I receive a lof of Warning: cannot alloc memory for TLS encryption. and traceback

[26347.797820] CPU: 6 PID: 50 Comm: ksoftirqd/6 Kdump: loaded Tainted: P        W  OE     5.10.35.tfw-04d37a1 #1
[26347.797821] Hardware name: Micro-Star International Co., Ltd. GF63 Thin 11UC/MS-16R6, BIOS E16R6IMS.10D 06/23/2022
[26347.797822] Call Trace:
[26347.797829]  dump_stack+0x74/0x92
[26347.797831]  warn_alloc.cold+0x7b/0xdf
[26347.797834]  __alloc_pages_slowpath.constprop.0+0xd2e/0xd60
[26347.797835]  ? prep_new_page+0xcd/0x120
[26347.797837]  __alloc_pages_nodemask+0x2cf/0x330
[26347.797839]  alloc_pages_current+0x87/0xe0
[26347.797841]  kmalloc_order+0x2c/0x100
[26347.797842]  kmalloc_order_trace+0x1d/0x80
[26347.797843]  __kmalloc+0x3e9/0x470
[26347.797857]  tfw_tls_encrypt+0x7a2/0x820 [tempesta_fw]
[26347.797860]  ? memcpy_fast+0xe/0x10 [tempesta_lib]
[26347.797867]  ? tfw_strcpy+0x1ae/0x2b0 [tempesta_fw]
[26347.797870]  ? irq_exit_rcu+0x42/0xb0
[26347.797872]  ? sysvec_apic_timer_interrupt+0x48/0x90
[26347.797873]  ? asm_sysvec_apic_timer_interrupt+0x12/0x20
[26347.797880]  ? tfw_h2_make_frames+0x1da/0x370 [tempesta_fw]
[26347.797886]  ? tfw_h2_make_data_frames+0x19/0x20 [tempesta_fw]
[26347.797892]  ? tfw_sk_prepare_xmit+0x69c/0x7b0 [tempesta_fw]
[26347.797898]  tfw_sk_write_xmit+0x6a/0xc0 [tempesta_fw]
[26347.797900]  tcp_tfw_sk_write_xmit+0x36/0x80
[26347.797902]  tcp_write_xmit+0x2a9/0x1210
[26347.797903]  __tcp_push_pending_frames+0x37/0x100
[26347.797904]  tcp_push+0xfc/0x100
[26347.797910]  ss_tx_action+0x492/0x670 [tempesta_fw]
[26347.797912]  net_tx_action+0x9c/0x250
[26347.797914]  __do_softirq+0xd9/0x291
[26347.797915]  run_ksoftirqd+0x2b/0x40
[26347.797916]  smpboot_thread_fn+0xd0/0x170
[26347.797918]  kthread+0x114/0x150
[26347.797918]  ? sort_range+0x30/0x30
[26347.797919]  ? kthread_park+0x90/0x90
[26347.797921]  ret_from_fork+0x1f/0x30
[26347.797923] Mem-Info:
[26347.797925] active_anon:132045 inactive_anon:1833119 isolated_anon:0
                active_file:492217 inactive_file:119308 isolated_file:0
                unevictable:199 dirty:23 writeback:0
                slab_reclaimable:45118 slab_unreclaimable:41418
                mapped:244887 shmem:205996 pagetables:15978 bounce:0
                free:758589 free_pcp:3043 free_cma:0

RomanBelozerov · 2024-05-07T08:57:07Z

I receive meamleak for these tests and tempesta commit - 10b38e0. I used remote setup (Tempesta on a separate VM) and cmd ./run_tests.py -T 1 tls/test_tls_integrity.ManyClientsH2 with MTU 80. So I run this test with 16KB, 64KB and 200KB body and I see the usage of all available memory (6GB for my VM for Tempesta) and meamleak after test ~1GB

look like it is fixed in #2105. I cannot get meamleak for this PR, but I see the usage of all available memory. I think Tempesta uses an unexpected lot of memory in these tests. 10 clients with 64KB response/request body, python uses ~400MB, but Tempesta ~5GB, why?
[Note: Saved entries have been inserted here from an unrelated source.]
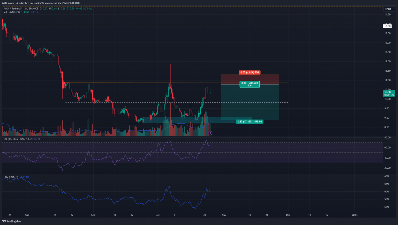 Avalanche [AVAX] saw a strong bullish run over the past six days. The token recorded a gain of almost 25% as it rose from $8.65 to $10.8. During this time, Bitcoin [BTC] also rose by almost 24%.
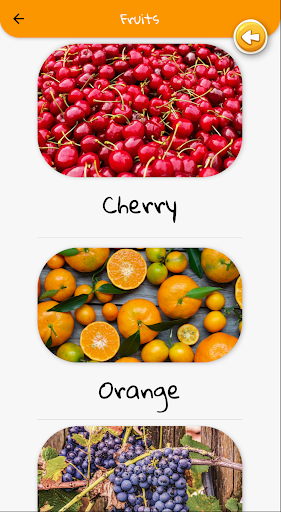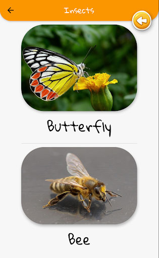 This app helps the kids to learn the various names and sounds of wild animals, domestic animals, fruits, vegetables, musical instruments, insects, body parts, action verbs, vehicles.
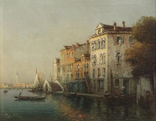 Bouvard Antoine ( Aldine Marc ) was born at Saint-Jean-de-Bournay in L’Isere in 1870. He originally trained as an architect and studied art and architecture under Constance-Dufeus, at the Ecole des Beaux Arts in Paris. He became the Director of Architectural Services for the Seine and was responsible for the construction of the Bourse du Travail and also for the Boulevard Morland in Paris. On one of his numerous painting trips to Venice he met the noted Venetian artist Felix Ziem. From that moment this artist greatly influenced his work for the remainder of his life. Painter’s love of Venice you can see in the delicacy and fluidity of his use of colour. As a master he succeeds to capture the warmth and beauty that he found in in the capital of northern Italy. Antione Bouvard is also known under the pseudonym of Marc Aldine, allowing him further success through alternative markets for his work. His works are delicately but confidently painted, capturing all the charm of one of the most romantic cities in the world. This artist became very popular because of his sensitive understanding of Venice. He demonstrates his architectural skill and Venice’s unique colour and light effects. He does capture the daily life and glamour of well-known scenes like the Grand Canal and the Santa Maria Della Salute and also by catching the atmosphere and serenity of the backwaters. Venice had always been a popular venue for visitors on the ‘Grand Tour’ throughout the 18th and 19th century. The city attracted visitors in greater numbers with the development of the European Rail Network in the second part of the 19th century. During his lifetime he exhibited throughout France and Italy as well as many provincial European Galleries. The painter’s works are internationally collected and have achieved great popularity and recognition in this present time. He is one of the most prolific painters of Venetian genre.
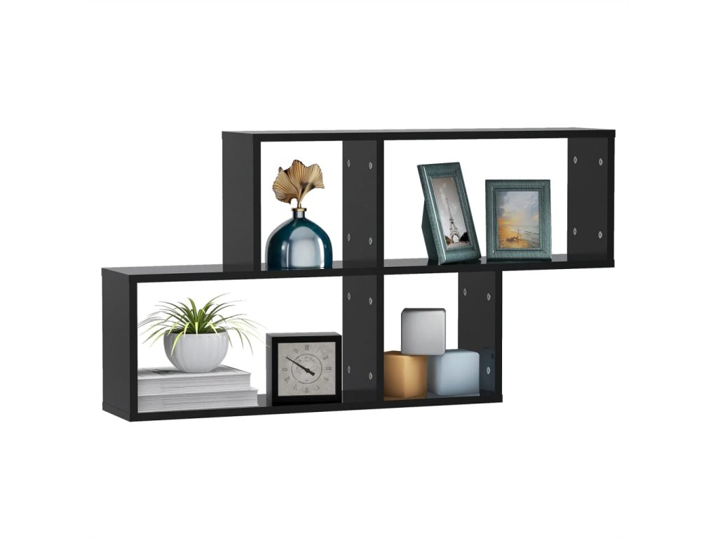 Nástěnná police černá 100 x 18 x 53 cm kompozitní dřevo 807161
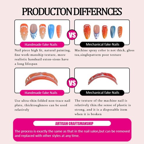 Handmade Press on Nails Medium Almond Fake Nail Unique 3D Floral & Cherry Designs Gold Rose Red Gradient Reusable Flower Stick on Nail Thicked French Tip Acrylic False Nails for Women (M)
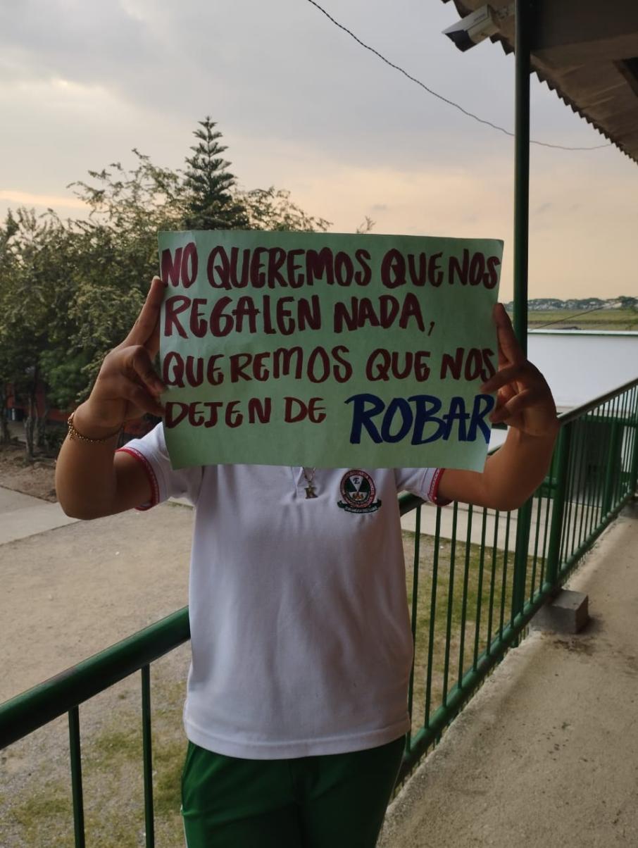 “Tenemos malas condiciones de infraestructura, aseo, vigilancia, falta docentes, no contamos con servicio PAE para todos los estudiantes, además cuando llueve parece que estuviéramos en un río”, expresó Heidy Alejandra Meza Representante estudiantil.
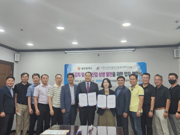 [HKSÇàÁ¤¹æ¼Û]±¤ÁÖ±¤¿ª½Ã¿Í Çѱ¹¿Ü½Ä¾÷Áß¾Óȸ ±¤ÁÖ±¤¿ª½ÃÁöȸ´Â 18ÀÏ ¡®±¤Áֽà ±èÄ¡»ê¾÷°ú ¿Ü½Ä»ê¾÷ÀÇ »ó»ýÇù·ÂÀ» À§ÇÑ ¾÷¹«Çù¾à¡¯À» ü°áÇß´Ù.
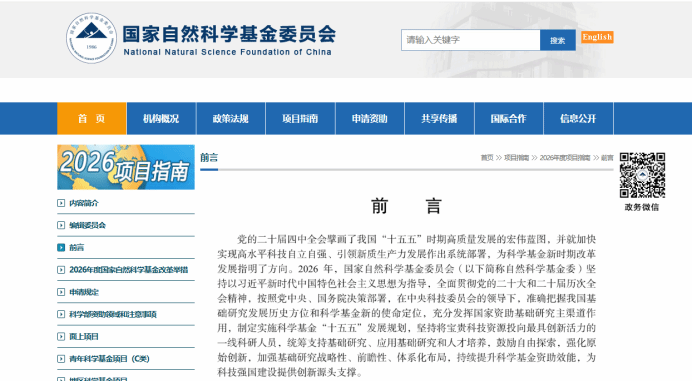 1月19日,国家自然科学基金委员会正式发布《2026年度国家自然科学基金项目指南》
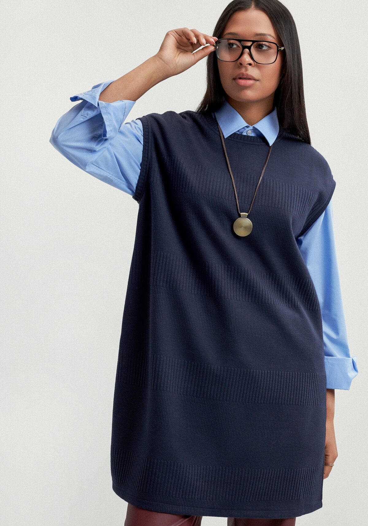 Жилет из трикотажного полотна А-силуэта. Длина чуть выше колена. Круглый вырез горловины. Горловина и проймы с внутренней окантовкой. Высокие разрезы по боковым швам.

biathlon3 · 2024-05-24T07:00:48Z

Here we have the next situation for 64KB test.

In this test, Tempesta FW receives 65536 bytes of data request from 10 clients, routes them to a server, gets responds from a server and sends them to the clients.
With option -T 1, each request and respond are split by byte.
The key point is that if Tempesta FW receives only one byte, it uses a full skb (about 900 bytes).

Tempesta FW receives at least 655360 skbs from clients, it is 655360 * 900 = 589 824 000 bytes.
Tempesta FW makes copies of all skbs in ss_skb_unroll() because all skbs are marked as cloned. Since the original skbs are marked as SKB_FCLONE_CLONE, they are not freed after consume_skb() right at this point.

Next, before routing these skbs to the server Tempesta FW makes clones in ss_send() with the purpose of resending if something goes wrong.

After the server has responded, Tempesta FW receives the same amount of skbs as from the clients.
And as all skbs are marked as cloned, it makes copies of these skbs.

Here we have allocated at least 589 824 000 * 5 = 2 949 120 000 bytes and only after Tempesta FW starts sending responds to clients, it starts freeing skbs.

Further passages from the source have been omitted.